[THE TASK]
Your answer is the lines below, exactly, from the one that contains "5月27日周二下午,beat" through the one that contains "ハイウエスト セミワイドデニム ジーンズ", both included.

[MATERIAL SUPPLIED]
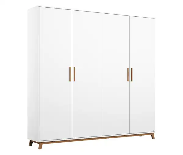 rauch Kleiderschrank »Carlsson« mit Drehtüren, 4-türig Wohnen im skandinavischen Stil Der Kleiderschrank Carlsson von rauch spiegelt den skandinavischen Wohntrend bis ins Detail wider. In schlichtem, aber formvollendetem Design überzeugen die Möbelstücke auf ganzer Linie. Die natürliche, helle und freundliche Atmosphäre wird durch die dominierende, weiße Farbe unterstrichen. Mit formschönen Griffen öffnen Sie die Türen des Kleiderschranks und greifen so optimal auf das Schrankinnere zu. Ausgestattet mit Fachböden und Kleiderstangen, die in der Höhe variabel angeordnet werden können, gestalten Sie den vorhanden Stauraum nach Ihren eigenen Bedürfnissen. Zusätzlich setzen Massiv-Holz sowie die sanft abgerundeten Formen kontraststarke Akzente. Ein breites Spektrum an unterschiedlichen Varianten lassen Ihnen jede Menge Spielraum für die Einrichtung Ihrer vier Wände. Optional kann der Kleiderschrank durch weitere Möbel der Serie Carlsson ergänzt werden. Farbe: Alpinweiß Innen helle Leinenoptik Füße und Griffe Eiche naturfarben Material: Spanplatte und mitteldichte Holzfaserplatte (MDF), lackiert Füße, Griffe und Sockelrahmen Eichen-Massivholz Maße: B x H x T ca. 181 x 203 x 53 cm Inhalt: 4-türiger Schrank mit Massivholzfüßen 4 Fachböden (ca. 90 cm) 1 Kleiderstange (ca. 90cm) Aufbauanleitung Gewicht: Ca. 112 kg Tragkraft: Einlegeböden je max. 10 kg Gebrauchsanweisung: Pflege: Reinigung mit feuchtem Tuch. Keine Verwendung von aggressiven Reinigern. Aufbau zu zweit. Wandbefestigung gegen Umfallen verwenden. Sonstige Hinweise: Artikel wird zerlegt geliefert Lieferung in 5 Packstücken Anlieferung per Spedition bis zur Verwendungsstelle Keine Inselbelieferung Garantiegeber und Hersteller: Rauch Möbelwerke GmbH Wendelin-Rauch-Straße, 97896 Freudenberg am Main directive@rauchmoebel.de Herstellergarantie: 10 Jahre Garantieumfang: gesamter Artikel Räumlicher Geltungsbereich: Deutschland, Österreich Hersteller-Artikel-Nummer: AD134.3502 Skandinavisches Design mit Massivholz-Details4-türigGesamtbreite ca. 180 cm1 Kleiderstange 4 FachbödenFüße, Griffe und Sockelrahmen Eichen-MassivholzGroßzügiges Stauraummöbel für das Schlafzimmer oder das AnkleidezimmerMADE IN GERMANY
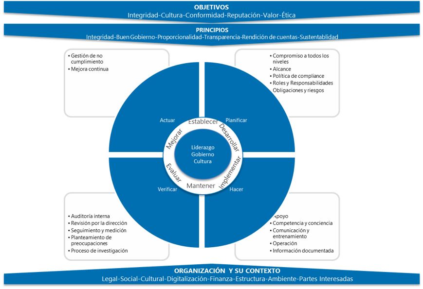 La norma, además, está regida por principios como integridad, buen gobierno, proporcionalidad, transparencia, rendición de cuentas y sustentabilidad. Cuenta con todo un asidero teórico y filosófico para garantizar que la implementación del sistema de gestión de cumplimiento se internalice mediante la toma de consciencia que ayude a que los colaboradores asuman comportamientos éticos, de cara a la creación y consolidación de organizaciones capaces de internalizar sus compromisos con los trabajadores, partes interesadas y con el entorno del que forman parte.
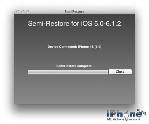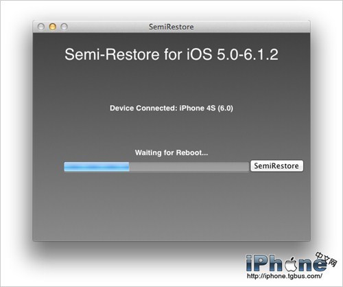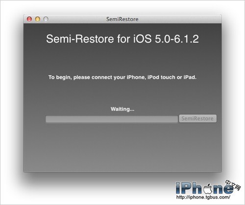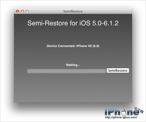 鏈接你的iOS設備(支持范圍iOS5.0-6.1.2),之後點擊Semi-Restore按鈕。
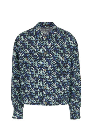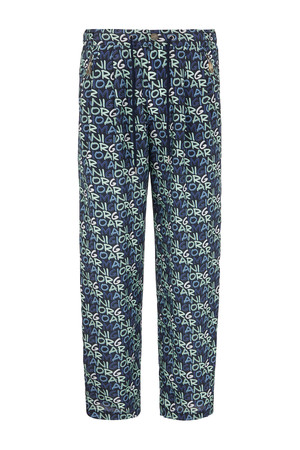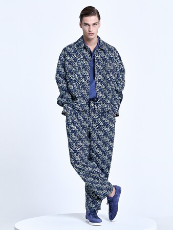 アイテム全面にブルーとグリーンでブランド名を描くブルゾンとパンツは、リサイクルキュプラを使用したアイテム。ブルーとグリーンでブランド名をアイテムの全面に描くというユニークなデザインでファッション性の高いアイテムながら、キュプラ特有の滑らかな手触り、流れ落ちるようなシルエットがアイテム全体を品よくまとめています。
* * *
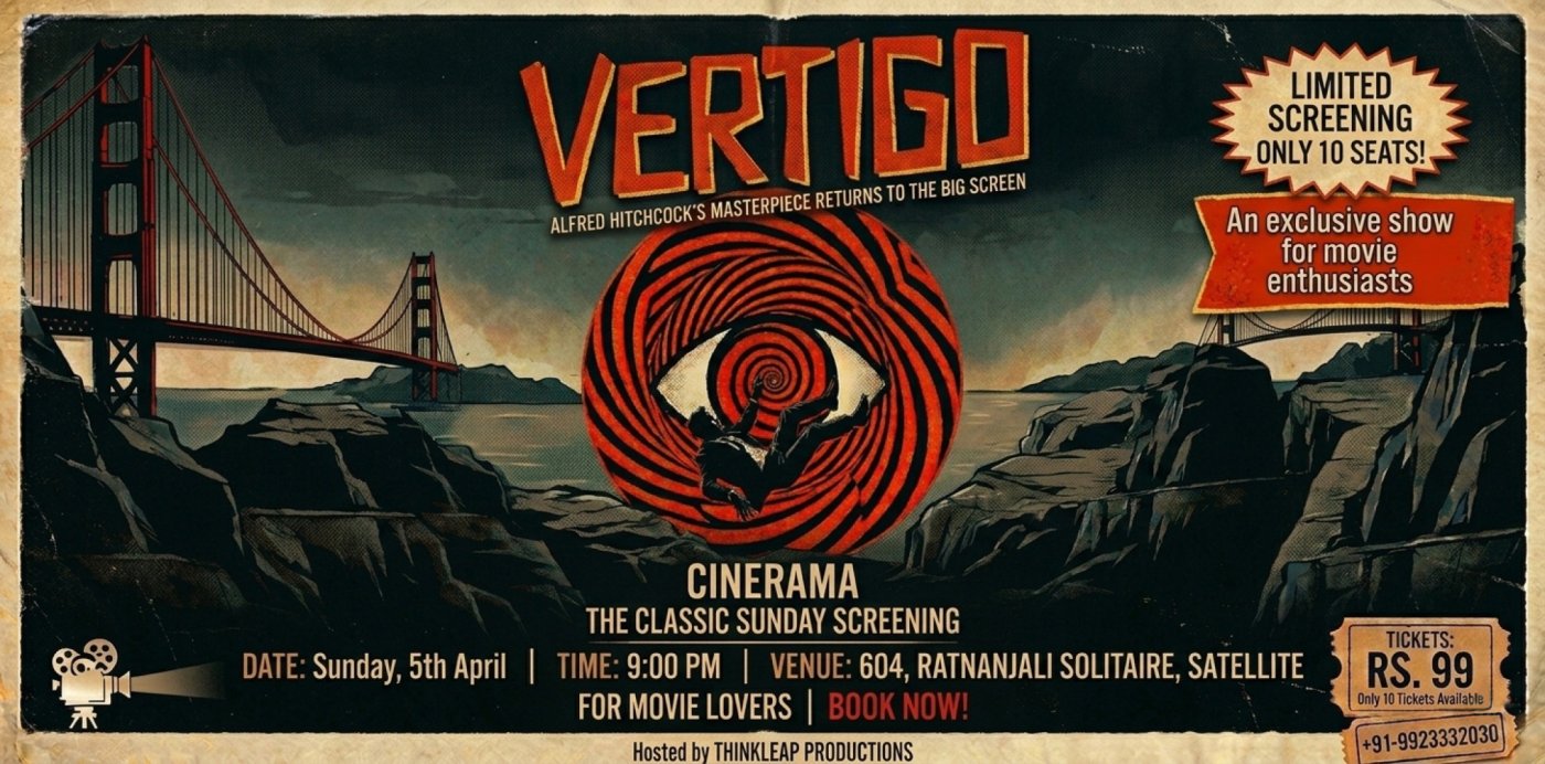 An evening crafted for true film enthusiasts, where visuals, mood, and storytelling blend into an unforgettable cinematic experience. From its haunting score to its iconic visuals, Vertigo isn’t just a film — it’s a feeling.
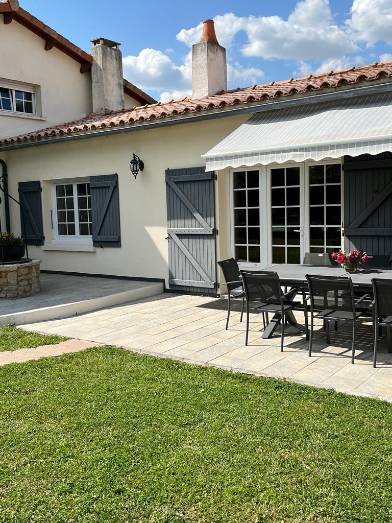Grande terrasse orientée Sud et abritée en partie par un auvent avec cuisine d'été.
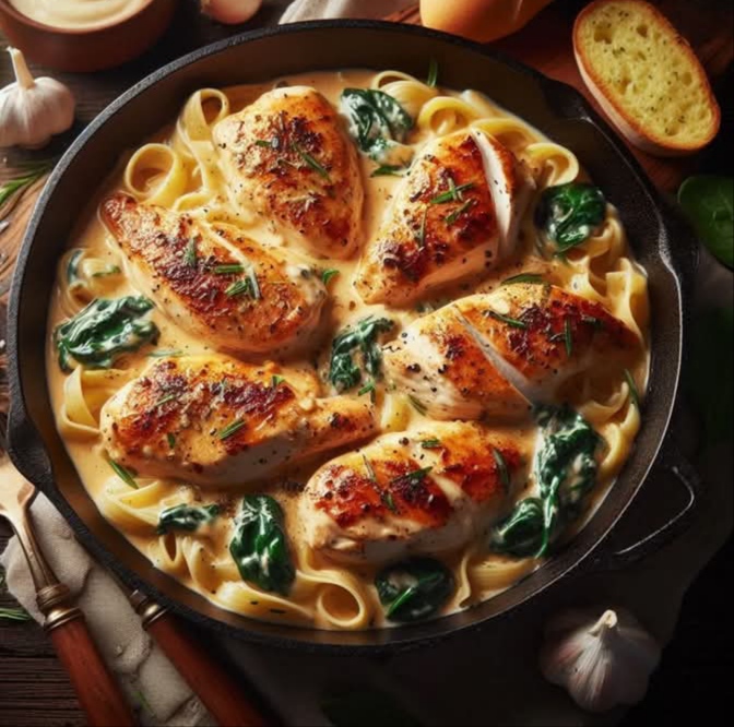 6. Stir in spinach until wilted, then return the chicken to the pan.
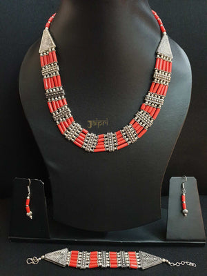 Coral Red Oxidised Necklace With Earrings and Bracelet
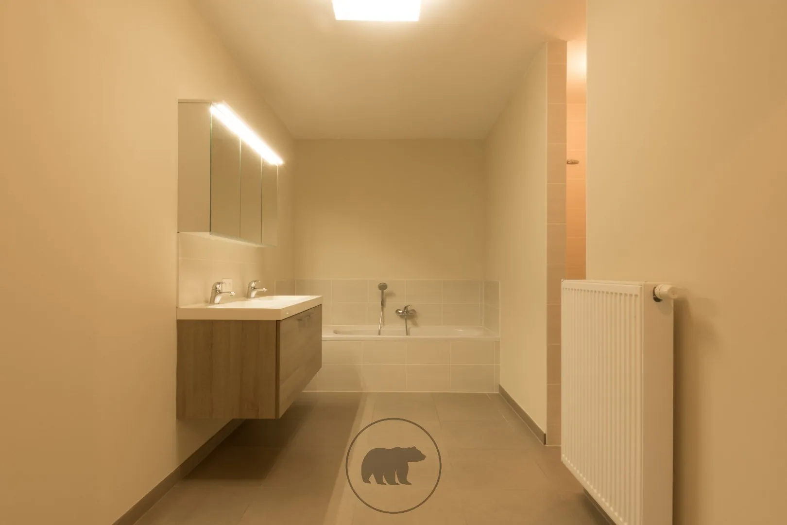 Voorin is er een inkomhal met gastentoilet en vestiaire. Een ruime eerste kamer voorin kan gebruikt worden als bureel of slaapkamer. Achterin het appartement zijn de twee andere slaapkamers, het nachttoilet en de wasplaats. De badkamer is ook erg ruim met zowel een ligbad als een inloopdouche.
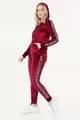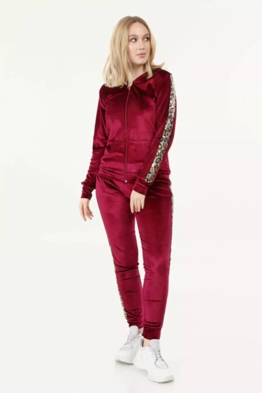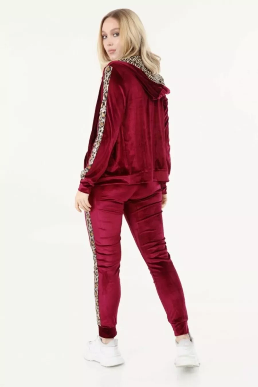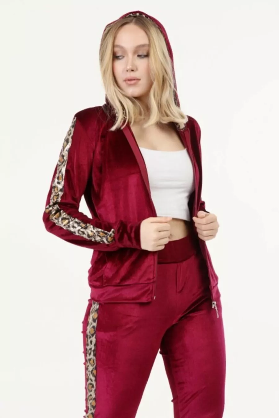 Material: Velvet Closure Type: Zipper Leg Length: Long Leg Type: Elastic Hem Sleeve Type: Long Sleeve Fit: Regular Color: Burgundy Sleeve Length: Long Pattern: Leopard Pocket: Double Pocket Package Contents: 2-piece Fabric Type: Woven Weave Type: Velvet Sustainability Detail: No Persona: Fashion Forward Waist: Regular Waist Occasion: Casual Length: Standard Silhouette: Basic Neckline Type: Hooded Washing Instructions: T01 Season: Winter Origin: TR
* * *
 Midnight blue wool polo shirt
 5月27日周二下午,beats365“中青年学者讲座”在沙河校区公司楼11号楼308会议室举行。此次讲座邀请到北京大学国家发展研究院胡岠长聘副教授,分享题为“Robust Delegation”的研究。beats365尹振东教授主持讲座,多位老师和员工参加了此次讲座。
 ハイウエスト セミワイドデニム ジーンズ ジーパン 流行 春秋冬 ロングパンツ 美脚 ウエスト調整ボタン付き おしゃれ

[THE COMPLETED TASK]
 5月27日周二下午,beats365“中青年学者讲座”在沙河校区公司楼11号楼308会议室举行。此次讲座邀请到北京大学国家发展研究院胡岠长聘副教授,分享题为“Robust Delegation”的研究。beats365尹振东教授主持讲座,多位老师和员工参加了此次讲座。
 ハイウエスト セミワイドデニム ジーンズ ジーパン 流行 春秋冬 ロングパンツ 美脚 ウエスト調整ボタン付き おしゃれ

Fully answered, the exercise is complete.